**WORK TO BE COMPLETED**
In the entries below, repeat only the lines between those holding "首先,蔡老师介绍了心理学著名" and "A black and", inclusive. Leave pictures out.

**INFORMATION SHOWN**
--------------------------------

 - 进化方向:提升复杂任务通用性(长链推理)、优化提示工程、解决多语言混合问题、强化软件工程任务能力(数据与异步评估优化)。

--------------------------------

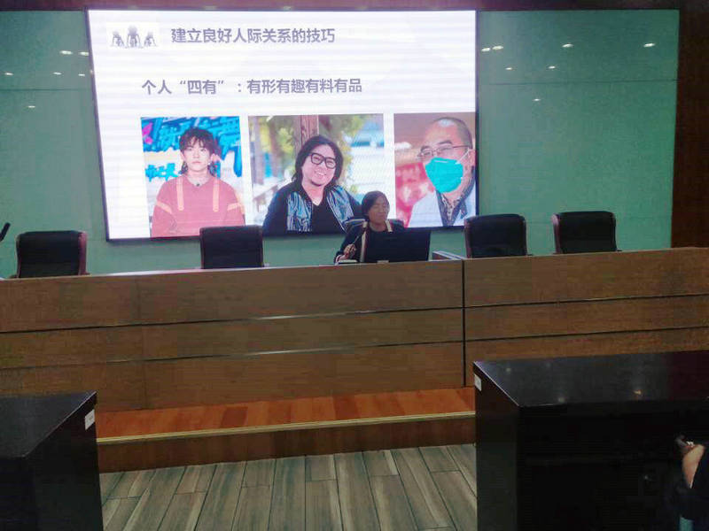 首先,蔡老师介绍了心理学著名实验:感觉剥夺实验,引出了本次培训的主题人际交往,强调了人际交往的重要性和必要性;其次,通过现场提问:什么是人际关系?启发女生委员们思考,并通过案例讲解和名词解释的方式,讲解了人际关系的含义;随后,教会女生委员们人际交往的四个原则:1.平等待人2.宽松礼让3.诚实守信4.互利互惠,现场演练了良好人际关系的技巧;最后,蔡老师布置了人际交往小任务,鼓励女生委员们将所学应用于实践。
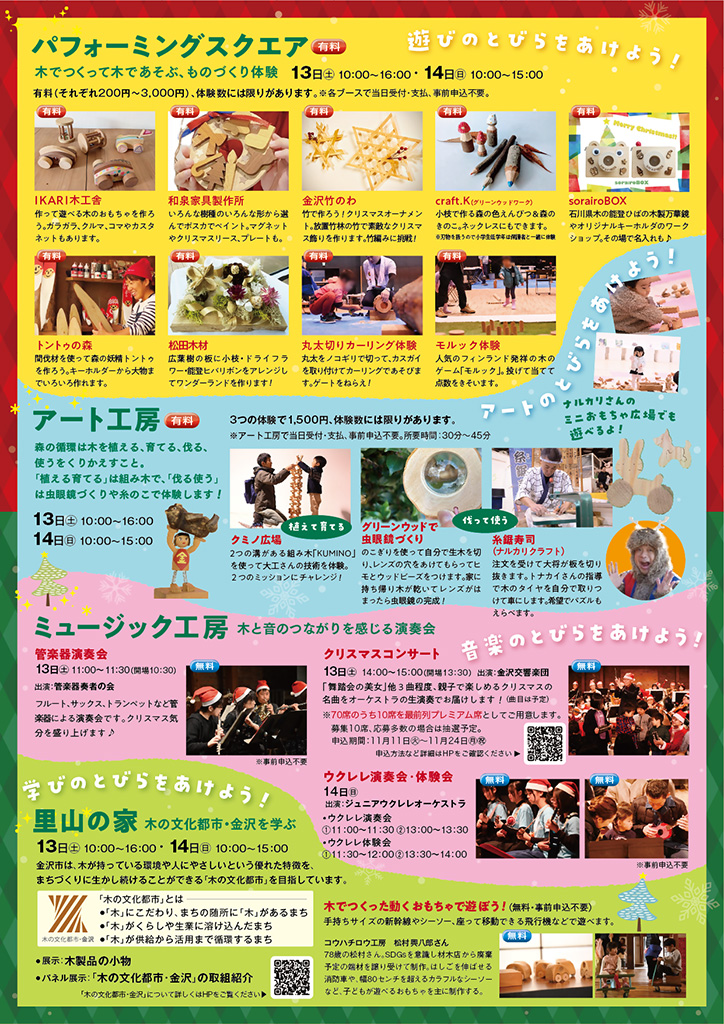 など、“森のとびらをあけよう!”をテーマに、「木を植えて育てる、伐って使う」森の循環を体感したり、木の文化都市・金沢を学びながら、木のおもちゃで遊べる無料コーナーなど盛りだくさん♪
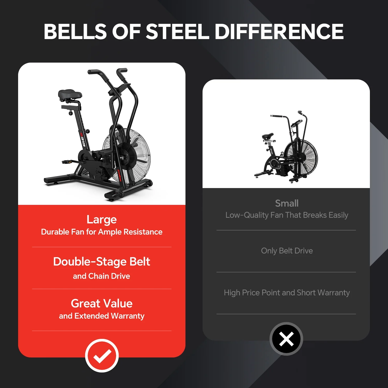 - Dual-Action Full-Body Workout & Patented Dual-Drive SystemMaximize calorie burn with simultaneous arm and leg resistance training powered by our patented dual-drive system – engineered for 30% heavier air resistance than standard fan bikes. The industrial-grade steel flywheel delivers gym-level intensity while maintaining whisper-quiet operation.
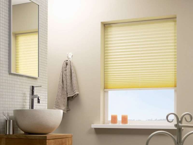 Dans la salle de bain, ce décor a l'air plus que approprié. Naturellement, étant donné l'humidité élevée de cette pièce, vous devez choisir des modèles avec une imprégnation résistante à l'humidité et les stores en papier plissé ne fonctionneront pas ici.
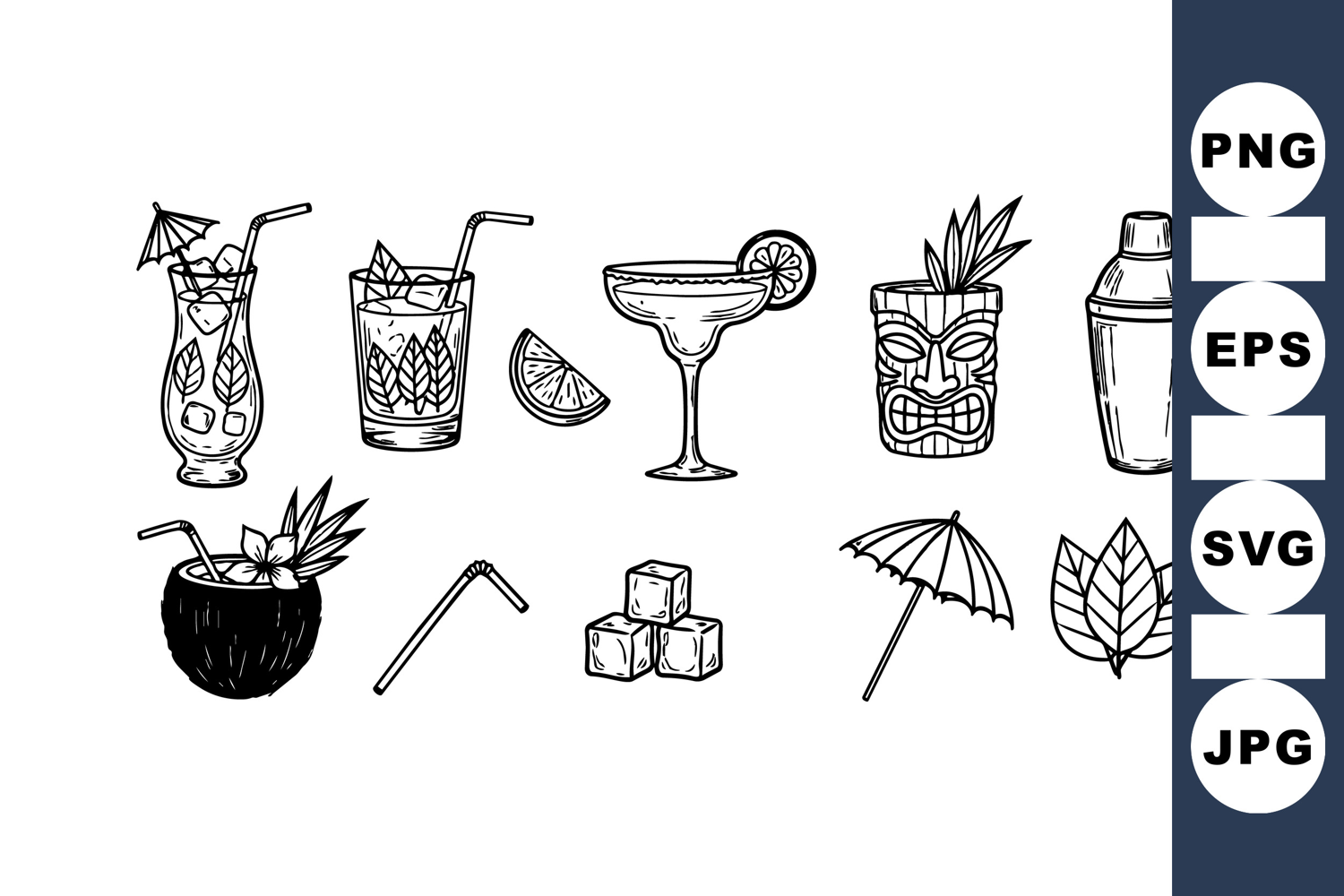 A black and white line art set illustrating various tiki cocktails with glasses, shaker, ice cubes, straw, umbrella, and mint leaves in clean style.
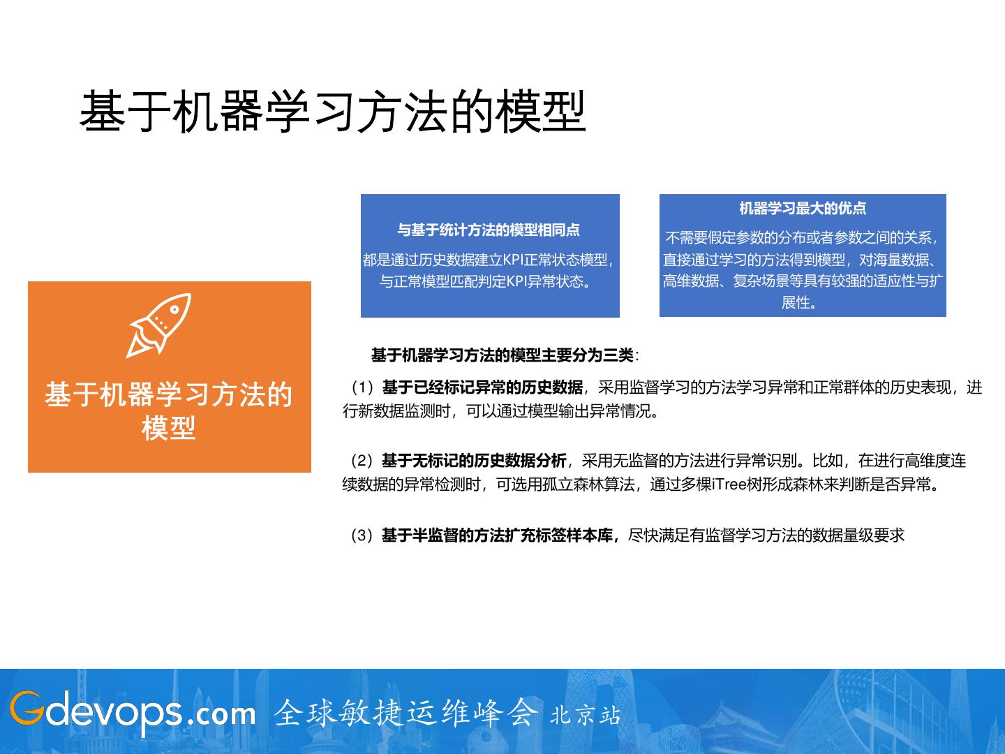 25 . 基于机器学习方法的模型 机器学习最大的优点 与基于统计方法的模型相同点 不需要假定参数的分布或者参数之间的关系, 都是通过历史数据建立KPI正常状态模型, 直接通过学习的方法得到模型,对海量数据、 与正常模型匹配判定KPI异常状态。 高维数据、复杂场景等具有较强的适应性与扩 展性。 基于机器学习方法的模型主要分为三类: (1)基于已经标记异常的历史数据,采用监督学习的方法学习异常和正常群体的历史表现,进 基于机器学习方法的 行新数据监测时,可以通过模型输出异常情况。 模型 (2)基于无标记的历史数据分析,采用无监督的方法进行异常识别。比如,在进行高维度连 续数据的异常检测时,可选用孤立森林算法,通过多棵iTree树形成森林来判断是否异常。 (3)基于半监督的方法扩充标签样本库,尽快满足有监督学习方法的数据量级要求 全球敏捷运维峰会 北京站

--------------------------------

**WRITTEN RESPONSE**
 首先,蔡老师介绍了心理学著名实验:感觉剥夺实验,引出了本次培训的主题人际交往,强调了人际交往的重要性和必要性;其次,通过现场提问:什么是人际关系?启发女生委员们思考,并通过案例讲解和名词解释的方式,讲解了人际关系的含义;随后,教会女生委员们人际交往的四个原则:1.平等待人2.宽松礼让3.诚实守信4.互利互惠,现场演练了良好人际关系的技巧;最后,蔡老师布置了人际交往小任务,鼓励女生委员们将所学应用于实践。
 など、“森のとびらをあけよう!”をテーマに、「木を植えて育てる、伐って使う」森の循環を体感したり、木の文化都市・金沢を学びながら、木のおもちゃで遊べる無料コーナーなど盛りだくさん♪
 - Dual-Action Full-Body Workout & Patented Dual-Drive SystemMaximize calorie burn with simultaneous arm and leg resistance training powered by our patented dual-drive system – engineered for 30% heavier air resistance than standard fan bikes. The industrial-grade steel flywheel delivers gym-level intensity while maintaining whisper-quiet operation.
 Dans la salle de bain, ce décor a l'air plus que approprié. Naturellement, étant donné l'humidité élevée de cette pièce, vous devez choisir des modèles avec une imprégnation résistante à l'humidité et les stores en papier plissé ne fonctionneront pas ici.
 A black and white line art set illustrating various tiki cocktails with glasses, shaker, ice cubes, straw, umbrella, and mint leaves in clean style.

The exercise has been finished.